Multi-modal Prediction

Age 55-89 | FreeSurfer + Cognitive Assessment

Multi-modal Data Sources

Neuroimaging

MRI: 56 brain regions (FreeSurfer), Total Intracranial Volume

Cognitive Assessment

RAVLT Memory: Learning trials (A1-A7), interference (B1), delayed recall

Language: Naming & comprehension tasks (accuracy + reaction time)

Speech & Demographics

Speech Fluency: 154 variables (pause, phonation, rate, voicing)

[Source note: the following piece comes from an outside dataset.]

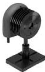
Quasar 搭載型センサヘッド
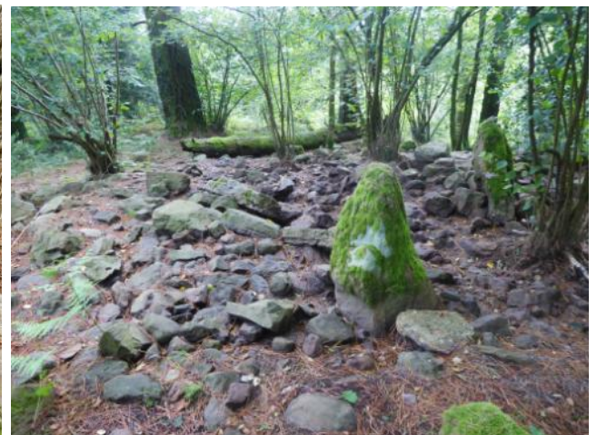
06 de Agosto de 2.019.

Demographics: Age, sex, education, MoCA, MMSE, depression

Data Structure: Long Format Example

Dataset: 12,992 rows × 76 columns

Structure: 232 participants × 56 brain regions = 12,992 observations

Format: Each participant has 56 rows (one per brain region)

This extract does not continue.